目的:调整描述流体介质与脑物质之间相互作用的数学模型,以确定 BALB/c 和 C57BL/6 两种基因型实验动物脑室大小与毛细血管压力之间的关系。材料和方法研究对象为 12 周龄的 C57BL/6 和 BALB/c 近交系雄性小鼠各 4 只。使用 11.7 T 水平 MR 扫描仪(Bruker,BioSpec 117/16 USR,德国)获取大脑和脑脊液系统图像。数学建模选择了距前囟-0.5毫米处的轴向切面。为了描述所获得的数据,数学模型根据人类和小鼠脑脊液形成率的已知值选择了一个比例因子。结果与讨论所有动物的毛细血管压力和平均心室壁位移之间的关系都有相同的定性模式。虽然所选的遗传品系 BALB/c 和 C57Bl 小鼠在脑室大小方面存在显著差异,但这些动物基因型的差异并不影响这种关系的性质。在压缩或中度脑室扩张区域改变流体介质相互作用的参数几乎不会导致脱离生理上可接受的毛细血管压力值。在这种情况下,心室的大小会发生显著变化。相反,在心室大面积扩张的区域,心室大小几乎不会发生变化,但毛细血管压力却会急剧增加,远远超出生理极限。因此,心室大小的变化是一个适应过程,与颅内液体流动变化引起的压力波动有关。在心室大小几乎没有变化的情况下,某些值达到了生理上不可接受的压力范围,事实上这与死亡有关,这一事实表明这种情况很少发生,但在颅内流体介质流动受到破坏,心室大小的增加限制了适应能力的情况下,这种情况是可能发生的。结论。所展示的动物模型将进一步加深对我们所建立的模式的理解,并使我们能够继续尝试进行预测。

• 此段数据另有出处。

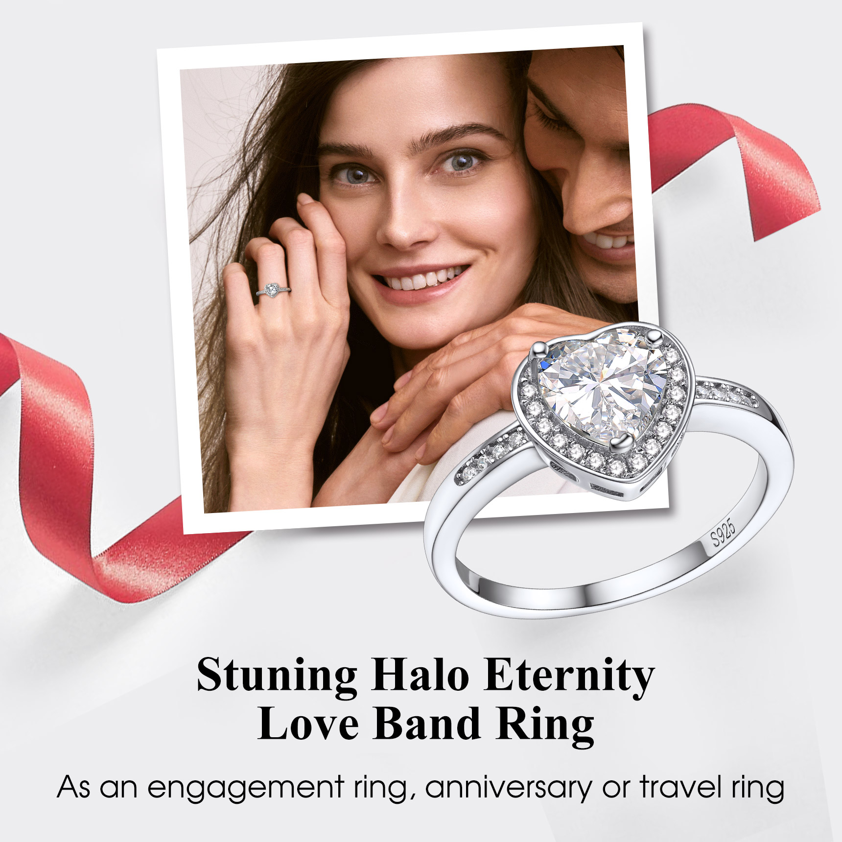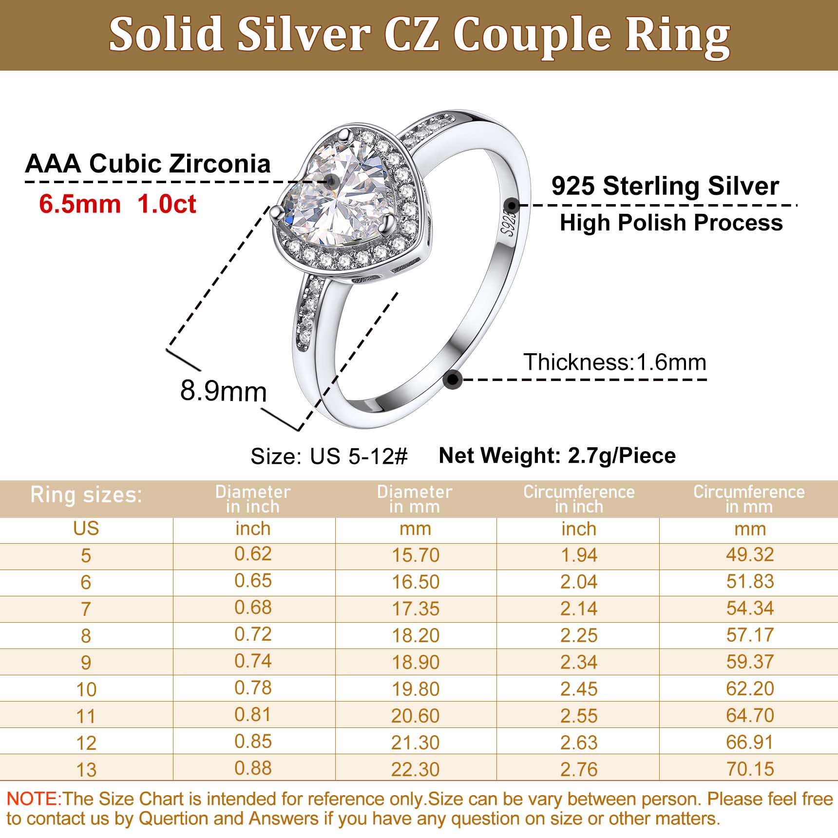 💓1 Carat Solitaire Heart Gemstone Ring💓 6.5mm wide white created diamond embellished with 1mm white cubic zirconia, exquisitely inlaid in high polished 925 sterling silver 2mm wide band. This love heart diamond ring is undying fashion among the trend-conscious. It will create an elegant look arround your fingers and illuminate your hands. It is shiny and classic which will make you special, so stylish to catch your audience's eyes and stand out the crowed.
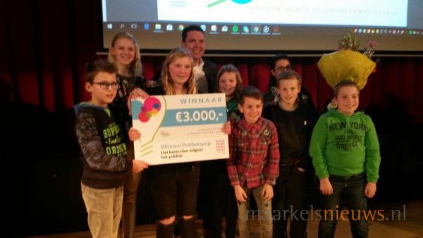 Groep 7 en 8 van OBS Stokkum heeft vanavond in het Parochiehuis in Delden de Publieksprijs van de Duurzaamheidsprijs 2017-2018 in de wacht weten te slepen. Aan deze prijs is een geldbedrag van 3.000 euro gekoppeld, hiermee willen ze een kas aan gaan schaffen. In december wisten ze bij de jury in de jongerencategorie al beslag te leggen op de tweede plek. In totaal waren er voor de Duurzaamheidsprijs 30 inzendingen ingestuurd, waarvan 7 uit Markelo. Gerard ter Hofte wist in december de juryprijs te winnen.

本文章由计算机程序翻译,如有差异,请以英文原文为准。
Mathematical model of the dependence between cerebral ventricular size and capillary pressure in laboratory animals
Aim: To adapt a mathematical model describing the interaction between fluid media and brain matter for the purpose of definition of the dependence between brain ventricle size and capillary pressure in laboratory animals of two genotypes, BALB/c and C57BL/6. Material and methods. The study included 4 male mice of each inbred strain C57BL/6 and BALB/c at the age of 12 weeks. The brain and cerebrospinal fluid system images were obtained using an 11.7 T horizontal MR scanner (Bruker, BioSpec 117/16 USR, Germany). An axial section at the level of -0.5 mm from bregma was chosen as the geometry for mathematical modelling. To describe the data obtained, the mathematical model was adapted by selecting a scale factor based on the known values of the cerebrospinal fluid formation rate for humans and mice. Results and discussion. The same qualitative pattern of relationship between capillary pressure and mean ventricular wall displacement was observed for all animals considered. Although the selected genetic strains of BALB/c and C57Bl mice differ significantly in terms of cerebral ventricle size, these differences in animal genotype did not affect the nature of this relationship. Changing the parameters of the fluid media interaction in the area of compression or moderate ventricular dilation almost does not lead to an exit from the physiologically acceptable capillary pressure value. In this case, the size of the ventricles changes significantly. In the area of large ventricular dilation, in contrast, there is little change in ventricular size, and this is accompanied by a dramatic increase in capillary pressure far beyond physiologic limits. Thus, the change in ventricular size is an adaptive process associated with pressure fluctuations caused by changes in intracranial fluid flow. The mere fact that some of the values reach the zone of physiologically unacceptable pressures associated, in fact, with death, provided that there is practically no change in ventricular size indicates that such a situation is rarely realized and is possible in case of violation of intracranial fluid media flows associated with the fact that the increase in ventricular size limits adaptive capabilities. Conclusions. The presented animal model will further increase the understanding of the pattern we have established and allow us to move on to attempts at prediction.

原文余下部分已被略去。